▸ EXERCISE GOAL: Give back the lines below exactly, but do not include any pictures.

▸ DATA:
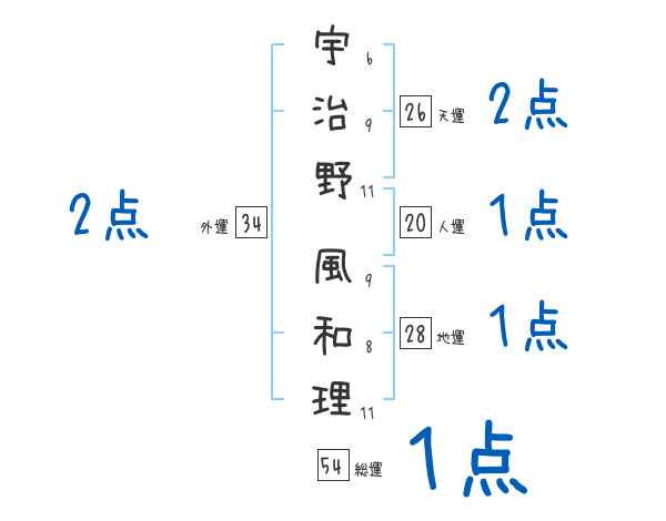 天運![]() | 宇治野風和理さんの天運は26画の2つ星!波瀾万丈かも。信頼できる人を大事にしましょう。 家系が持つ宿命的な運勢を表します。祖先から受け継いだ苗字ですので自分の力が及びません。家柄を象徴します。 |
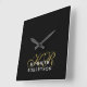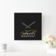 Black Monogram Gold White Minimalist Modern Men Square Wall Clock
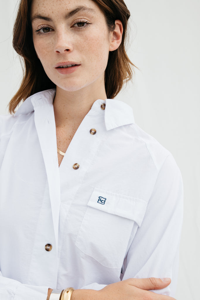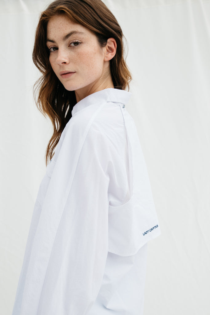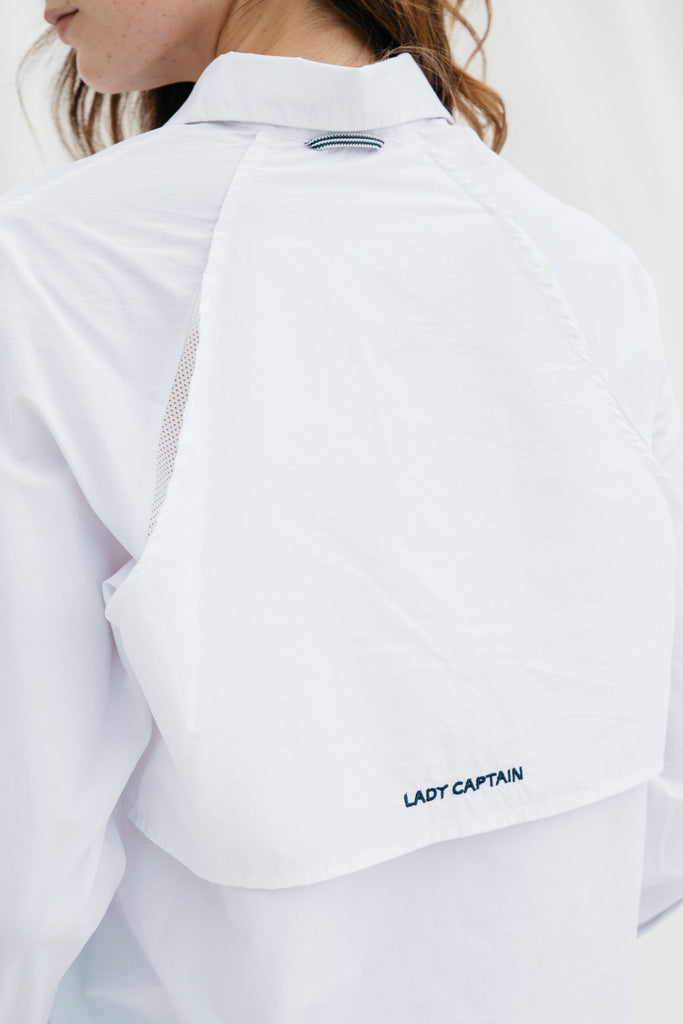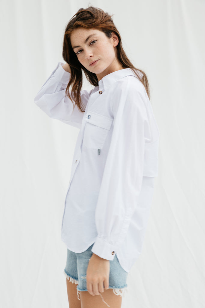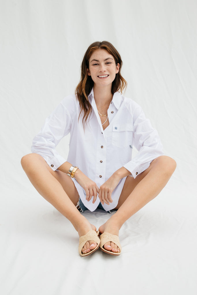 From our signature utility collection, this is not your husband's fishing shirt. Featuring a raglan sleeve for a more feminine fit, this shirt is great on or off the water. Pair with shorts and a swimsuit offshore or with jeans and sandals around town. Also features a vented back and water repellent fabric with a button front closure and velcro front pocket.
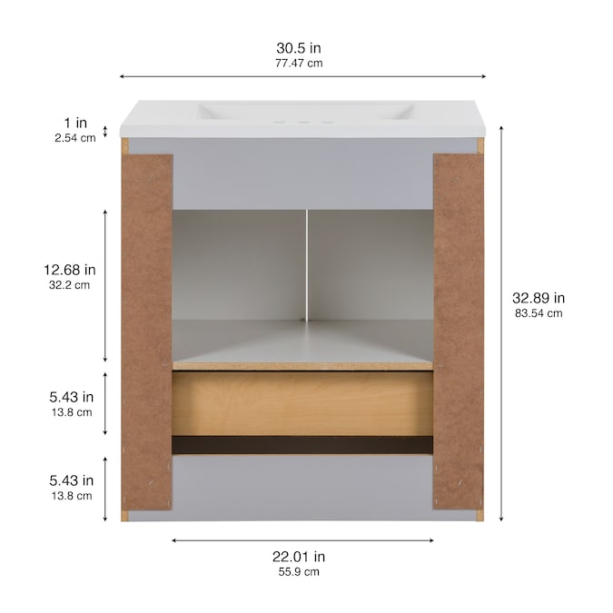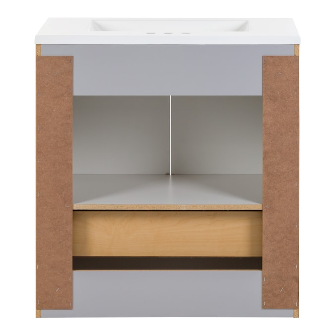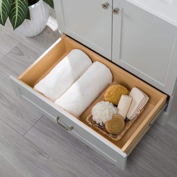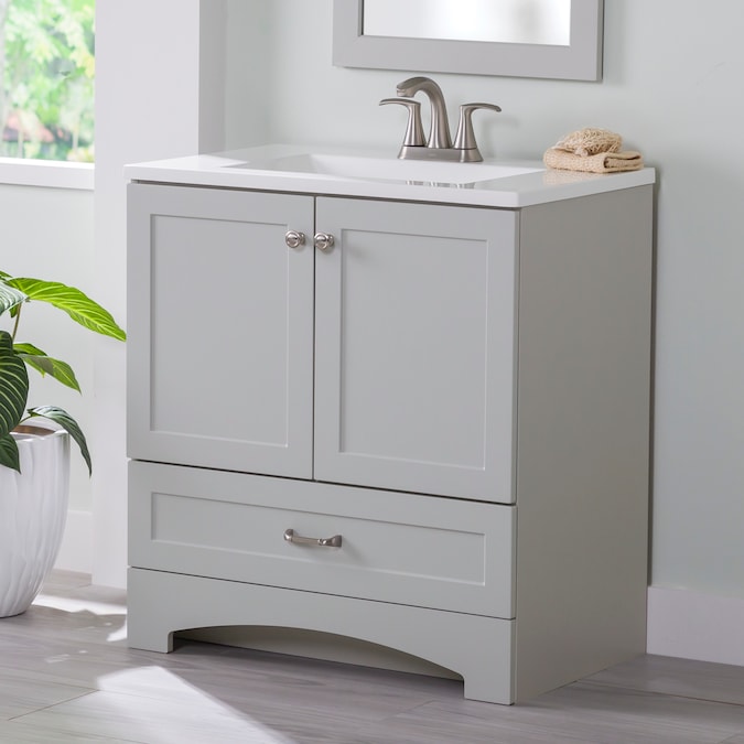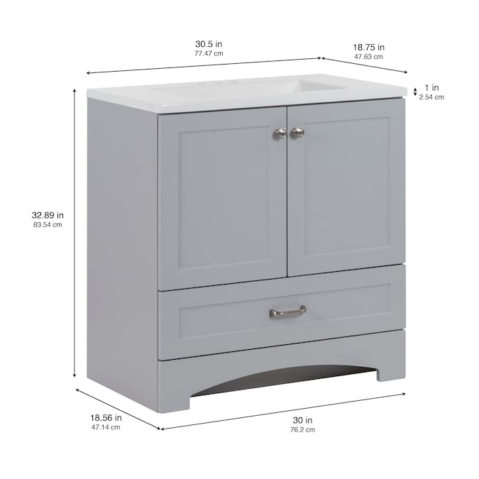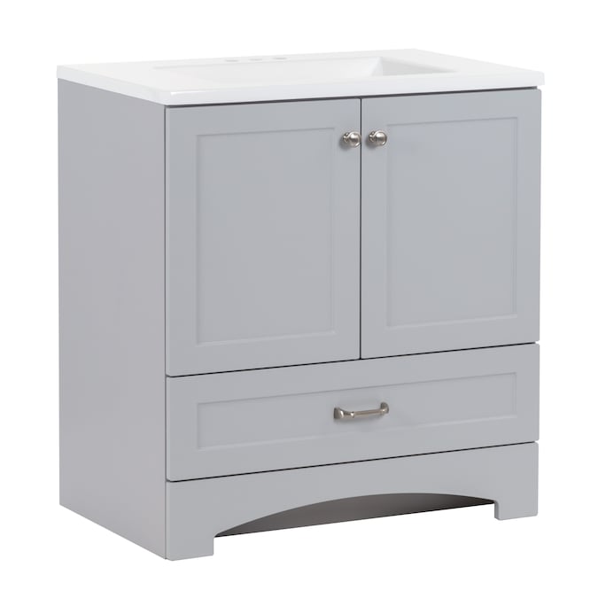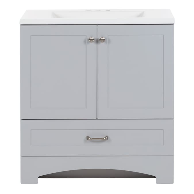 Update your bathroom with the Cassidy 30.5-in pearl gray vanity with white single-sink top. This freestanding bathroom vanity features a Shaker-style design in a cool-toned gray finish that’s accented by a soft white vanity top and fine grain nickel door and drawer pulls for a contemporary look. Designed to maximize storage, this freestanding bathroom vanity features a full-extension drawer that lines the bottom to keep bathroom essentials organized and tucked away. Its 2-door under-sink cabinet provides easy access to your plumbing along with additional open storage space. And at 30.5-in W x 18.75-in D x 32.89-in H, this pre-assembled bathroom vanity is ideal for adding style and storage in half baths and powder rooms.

▸ WRITTEN RESPONSE:
 天運![]() | 宇治野風和理さんの天運は26画の2つ星!波瀾万丈かも。信頼できる人を大事にしましょう。 家系が持つ宿命的な運勢を表します。祖先から受け継いだ苗字ですので自分の力が及びません。家柄を象徴します。 |
 Black Monogram Gold White Minimalist Modern Men Square Wall Clock
 From our signature utility collection, this is not your husband's fishing shirt. Featuring a raglan sleeve for a more feminine fit, this shirt is great on or off the water. Pair with shorts and a swimsuit offshore or with jeans and sandals around town. Also features a vented back and water repellent fabric with a button front closure and velcro front pocket.
 Update your bathroom with the Cassidy 30.5-in pearl gray vanity with white single-sink top. This freestanding bathroom vanity features a Shaker-style design in a cool-toned gray finish that’s accented by a soft white vanity top and fine grain nickel door and drawer pulls for a contemporary look. Designed to maximize storage, this freestanding bathroom vanity features a full-extension drawer that lines the bottom to keep bathroom essentials organized and tucked away. Its 2-door under-sink cabinet provides easy access to your plumbing along with additional open storage space. And at 30.5-in W x 18.75-in D x 32.89-in H, this pre-assembled bathroom vanity is ideal for adding style and storage in half baths and powder rooms.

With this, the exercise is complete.